What is enabling the transition toward interoperability, specifically in the design of machines and components?
Dr. Anil: Let me take an example of connectivity solution. That's our domain. I would like to explain it. If I have multiple protocols and if I have multiple connection connectors, mechanical connectors, to connect the thing, it would be quite challenging. I can't do it faster. At TE Connectivity, we are working on the solutions that could make our customer easy to connect and configure it. One of the things that we talk about is single payer Ethernet. Probably Ivan would speak more about that. Where the communication and power are on the single line. And that helps plug and play in the mechanical connection. That helps in plug and play for different modules or different stations.
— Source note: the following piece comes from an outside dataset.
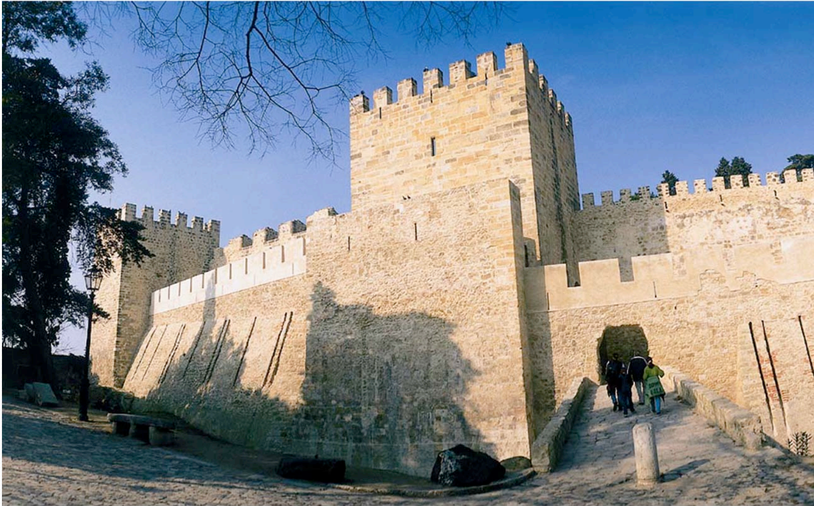
Castle of São Jorge: 1 million visitors/year

That's how we are trying to help our customers.
How is TE helping manufacturers develop technical architectures to convey data and power in a decentralized system?
Ivan: Anil mentioned a lot of relevant points. At TE we believe that industrial automation is facing a pivotal moment as numerous advancements are converging to redefine the automation landscape. Innovations in miniaturization, artificial intelligence, and increased processing power, among other factors, are poised to drive significant transformation in automation throughout the coming years. These are at the forefront of this evolution, working on a broad array of technologies, including interface connectors, board signal connectors, switching, isolation, and passive components, among many others. These efforts aim to enable and support the next wave of automation, fostering more efficient, intelligent, and integrated industrial ecosystems.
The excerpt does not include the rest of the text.